Vidéo - Open d'Australie 2020 - Mouratoglou entraineur de Serena
"Notre sport est génial. Pourtant, la période difficile à laquelle nous sommes confrontés ne fait que souligner à quel point il est dysfonctionnel. Les joueurs classés en dehors du Top 100 atteignent à peine le seuil de rentabilité et la plupart d'entre eux sont obligés de financer leur carrière pour continuer à jouer professionnellement. Leur vie est une lutte financière. Contrairement aux joueurs de basket ou de football, les joueurs de tennis ne sont pas couverts par des salaires annuels fixes. Ce sont des entrepreneurs indépendants. Ils paient pour leurs voyages. Ils paient des salaires fixes à leurs entraîneurs, tandis que leurs propres salaires dépendent du nombre de matchs qu'ils gagnent. C'est un système basé sur la méritocratie - ce qui me convient parfaitement. Les meilleurs joueurs méritent à 100% leurs gains. Cependant, je trouve révoltant que le 100e meilleur joueur de l'un des sports les plus populaires au monde - suivi par environ un milliard de fans - soit à peine capable de gagner sa vie."
"Le tennis ne peut pas vivre seulement de son élite"
Bien sûr, le Big Three et les meilleurs joueurs donnent de la visibilité au tennis. Mais avant d'en arriver là, ils ont fait leurs armes sur le circuit secondaire. Ce circuit est indispensable à la progression des joueurs vers les sommets.

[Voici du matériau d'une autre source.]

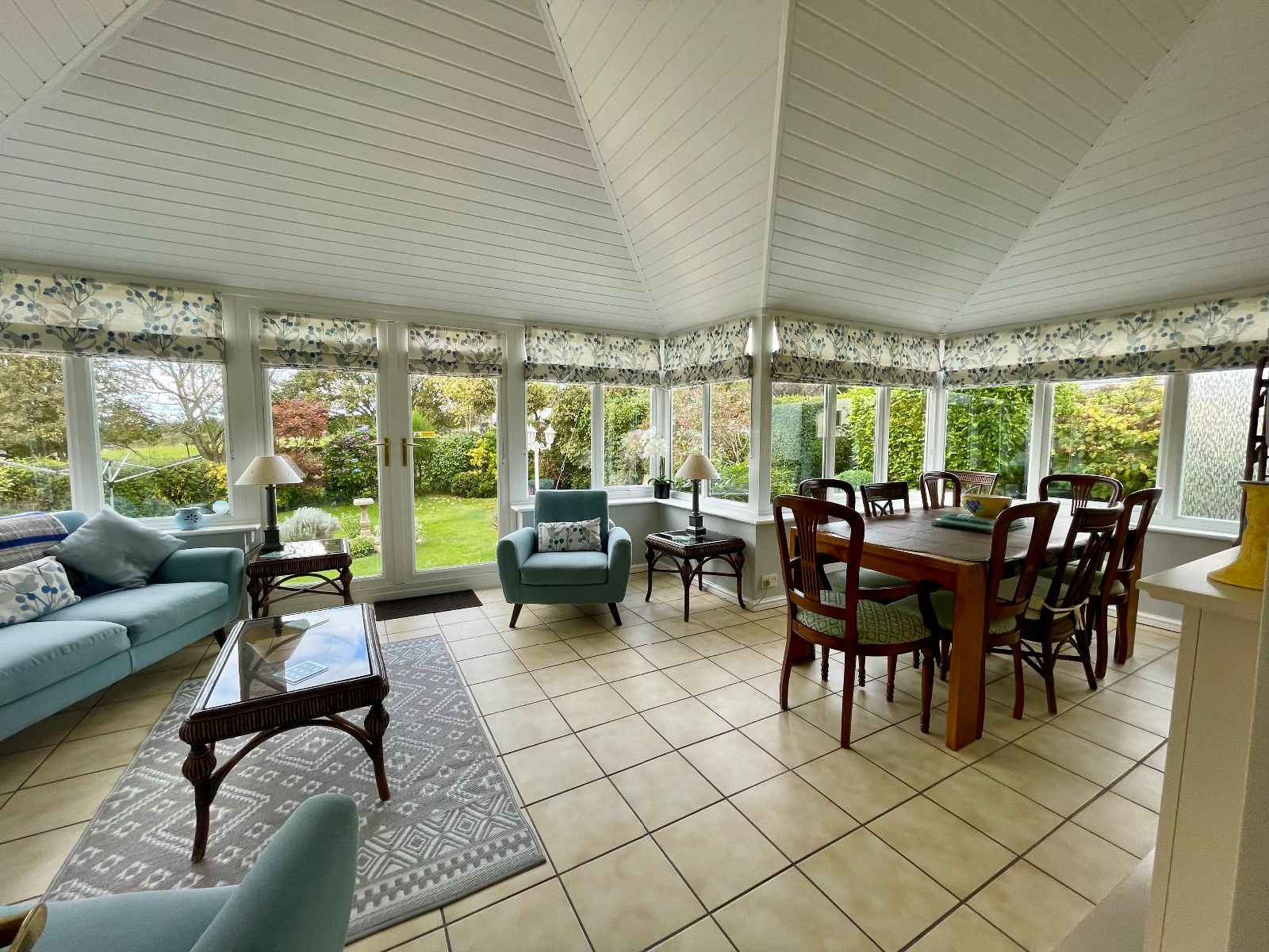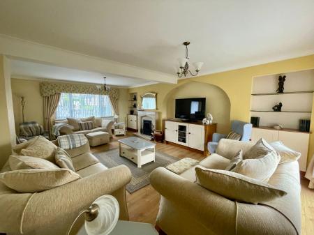 Wrap around windows with doors to side into garden, slate roof, feature electric fire, tiled flooring.

C'est en tout cas ce que défend le technicien français dans son courrier :
"Certains abandonnent leurs rêves et l'appellent carrière. C'est le cas depuis trop longtemps. Bien que nous ayons supprimé la suprématie masculine établie de longue date dans le domaine financier, le tennis conserve l'un des niveaux d'inégalité les plus extrêmes dans tous les sports. Le fait est que le tennis en a absolument besoin pour survivre. Le tennis ne peut vivre que de ses elites. Le circuit serait atrophié. La réforme de l'ITF de l'année dernière, qui a heureusement été annulée quelques mois seulement après son adoption, a rendu la situation de ces joueurs hors du top 100 presque impossible à gérer. Beaucoup d'entre eux ont décidé d'abandonner le tennis simplement parce qu'il n'y avait pas d'autre option. Actuellement, ils sont confrontés à un nouveau défi: parce que le circuit est en pause pour les raisons que nous connaissons tous, ces joueurs ne reçoivent aucun revenu et, contrairement à la plupart des 100 meilleurs joueurs, ils n'ont pas d'argent de côté ou des sponsors pour vivre. Il est temps de penser à ces acteurs et de les aider, d'abord dans un avenir immédiat, puis sur le long terme."
"ATP, WTA, ITF, Grand Chelem doivent s'asseoir (virtuellement) ensemble"
Ce débat autour des inégalités dans le tennis n'est pas nouveau, mais dans l'intensité du circuit, il n'est pas toujours facile de prendre le temps de chercher de vraies solutions. Ce que demande Mouratoglou est simple : le tennis dispose actuellement de temps pour réfléchir en l'absence de tournoi alors il faut l'utiliser :
"Pour cette raison, je serais ravi de voir l'ATP, la WTA, l'ITF et les Grands Chelems s'asseoir ensemble (virtuellement) pour essayer de trouver une solution durable. Nous comptons tous sur ces organes directeurs, qui ont le pouvoir de protéger l’économie du tennis professionnel et d’assumer une responsabilité sociale. J'aimerais que ces institutions disent STOP. Nous ne pouvons plus laisser les joueurs de rang inférieur derrière. Ce n'est pas bien. Le tennis doit changer. Profitons de ce temps libre pour lancer une discussion".